One day, when I went to homeroom and Jessi wasn't there. In fact, she
never showed back up to school. We later found out her home life was not that
great. Her dad drank too much, and her mom walked out on them. She hadn't move
away, just stopped coming to school. I would see her around town sometimes,
working at the gas station or the grocery store, but we never talked. I never
understood I couldn’t bring myself to speak to her again.
Presently,
I stopped in front of her house. Her dad was still driving an old red truck. I
wanted to know if her life got any better. If she was happy now? If she found
out where her mother ran off too? Did her dad ever stop drinking? I opened the
door, but the cold wind kissing against my skin stopped me from going any farther.
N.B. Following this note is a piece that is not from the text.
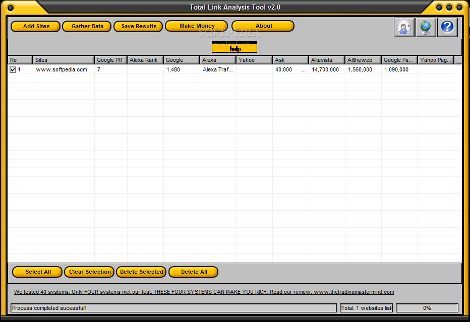 The Total Link Analysis Tool helps with competitive link analysis. What used to take weeks of painstaking, manul work can now be done in minutes with the Total Link Analysis Tool.System requirementsWindows runtime support.
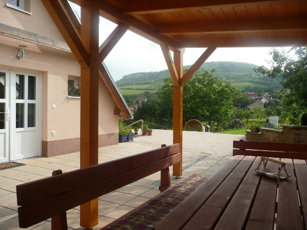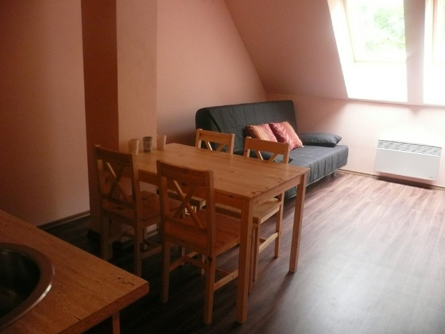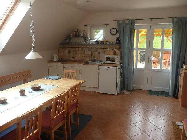 Odtud vede schodiště do mezonitového prostoru - ložnice se 4 lůžky. Kuchyňský kout je vybaven základním vybavením včetně lednice, mikrovlnné trouby, varné desky a rychlovarné konvice.

My foot planted on the ground, my hand on the door and my eyes staring at her
house.
I
sat back, shutting the door and putting my seat belt back on. I didn't have
time to stop and see Jessi. I didn't have the time to find the answers to all
my questions. I had to get home.
My
house was around the bend and at the end of the other street. The sky darkens,
and the rain started to fall harder. It was cold even with the heat blasting. I
slowed my driving more than I wanted but the car just seemed cruise on that one
speed against my will.
My joy fades like snow in
Africa and I remembered why I came home. Around the bend seeing all the cars of
my family and friends, I wished that they were there to see me.
Instead, they came home because of something sadder, something I wish
I could skip.
I pulled into the driveway; my
mother would be crying on the couch by now. I didn't have to get into the door
to know the house was so quiet, even a mouse would fear to break the silence.
My uncles were trying to lighten the mood with some bad jokes, but it wasn't
working. The jokes were their way of showing grief while some of my friends
were trying to find away outside to smoke a cigarette to be away from the
crying.
They were getting nowhere.
My
foot stepped out of the car, my hand shut the door behind me, and I stood there
looking at the house. It was the house that my grandfather built and my father
lived all his life. These red bricks were the castle of my youth, a castle it
still seemed to me now.
I made my way between the cars to the garage when a warming voice
called my name.
Richard was standing there smoking a pipe and smiling big at me. His
tired skin hung sorrowful off his bone. I put my arms around the man's fragile
body. He looked at me with his dark brown eyes full of youthful energy while
his body longed for a moment of rest. He always looked that way, full of
energy, ready to go, to do something, never being able to sit still.
I
grabbed the smokes from my pocket, lit up a match and pulled the mild smoke to
the back of my throat while Richard said, "You're looking good, son."
“You're not looking half bad
yourself,” I replied, looking down at him a little. He was shorter than I
remembered but still commanded a sense of power. I was standing beside him as
his equal and yet, I felt like a child again, revering him in awe.
He
ran his bony hand through his little bit of red hair he had left, and said,
"I haven't worn this suit in a very long time." It was a simple black
suit, nothing special about it and it looked simple on him. It had probably sat
in Richard's closet for years until now. "But it quite shines. Not like
your suit, son."
“Aaa . . . this old thing,” I said,
“I would rather be in something else.”
He laughed a little. “It's really
good to have you back.”
“It's good to be back,” I said,
glancing at the door.
“You can go in if you want.”
“Nah, I think, I need to wait,” I
told him, looking back at the smiling old man. He seemed way too happy to be
standing at a sad house on this raining day. “Not too sure, I'm ready to deal
with all of it, you know?”
“I don't think you are either.”
"What
you mean?" I asked, raising one eyebrow, but he didn't answer my question.
Instead, he pulled a silver coin from his pocket and rolled it around in his
jointed hand. I haven't seen the coin in years. That singular coin, that
changed my life forever.
“You remember the summer you stolen
this from me?” He asked.
"How
could I forget," I told him. I can remember those times like it was
yesterday. I never left those warm months.